Stored data
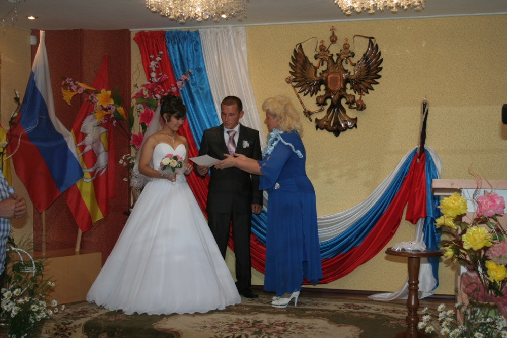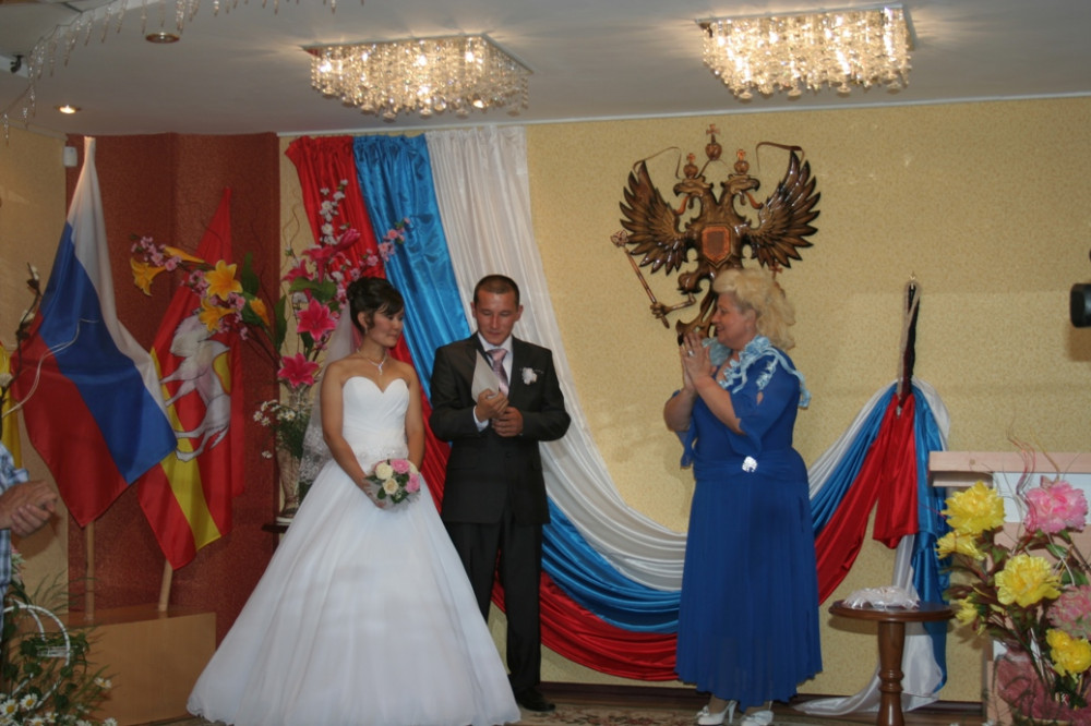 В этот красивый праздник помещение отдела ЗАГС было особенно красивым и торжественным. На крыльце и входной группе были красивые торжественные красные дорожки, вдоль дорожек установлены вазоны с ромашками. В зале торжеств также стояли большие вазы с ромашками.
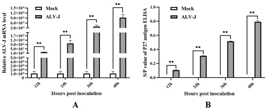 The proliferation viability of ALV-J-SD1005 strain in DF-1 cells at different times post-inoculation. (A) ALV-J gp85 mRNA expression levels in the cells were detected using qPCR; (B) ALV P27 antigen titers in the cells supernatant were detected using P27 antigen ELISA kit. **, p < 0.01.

--

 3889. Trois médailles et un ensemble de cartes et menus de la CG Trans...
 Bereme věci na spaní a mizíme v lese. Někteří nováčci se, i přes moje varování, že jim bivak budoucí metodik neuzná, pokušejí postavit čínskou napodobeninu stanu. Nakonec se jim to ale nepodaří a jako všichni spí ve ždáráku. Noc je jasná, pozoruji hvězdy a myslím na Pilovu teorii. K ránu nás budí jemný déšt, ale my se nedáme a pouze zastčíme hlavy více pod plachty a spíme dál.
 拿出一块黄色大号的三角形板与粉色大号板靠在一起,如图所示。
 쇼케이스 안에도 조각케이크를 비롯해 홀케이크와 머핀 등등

==

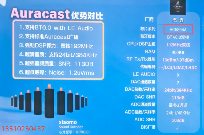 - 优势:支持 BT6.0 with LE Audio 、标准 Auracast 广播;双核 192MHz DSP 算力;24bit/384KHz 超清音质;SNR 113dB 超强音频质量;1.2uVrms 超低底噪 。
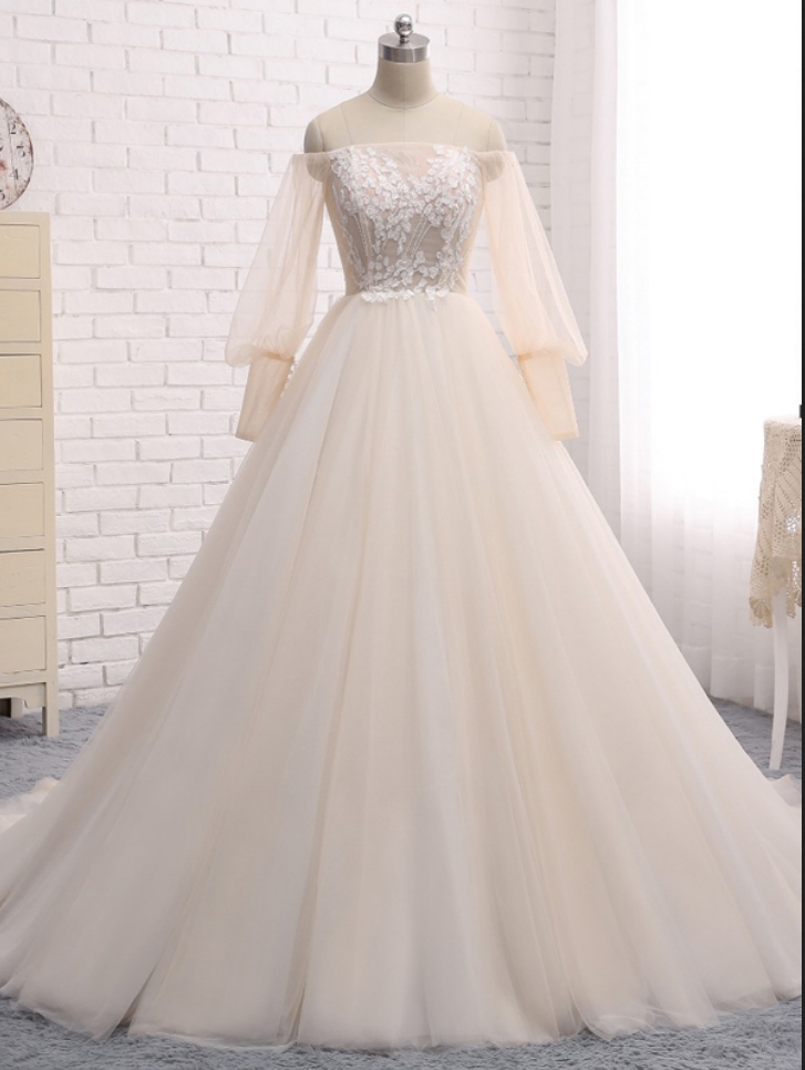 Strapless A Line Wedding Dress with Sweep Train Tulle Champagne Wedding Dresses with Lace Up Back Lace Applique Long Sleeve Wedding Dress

The problem
Set down word for word the lines above from the one with "В этот красивый" up to and including the one with "The proliferation viability". Omit every picture.

Output of the exercise
 В этот красивый праздник помещение отдела ЗАГС было особенно красивым и торжественным. На крыльце и входной группе были красивые торжественные красные дорожки, вдоль дорожек установлены вазоны с ромашками. В зале торжеств также стояли большие вазы с ромашками.
 The proliferation viability of ALV-J-SD1005 strain in DF-1 cells at different times post-inoculation. (A) ALV-J gp85 mRNA expression levels in the cells were detected using qPCR; (B) ALV P27 antigen titers in the cells supernatant were detected using P27 antigen ELISA kit. **, p < 0.01.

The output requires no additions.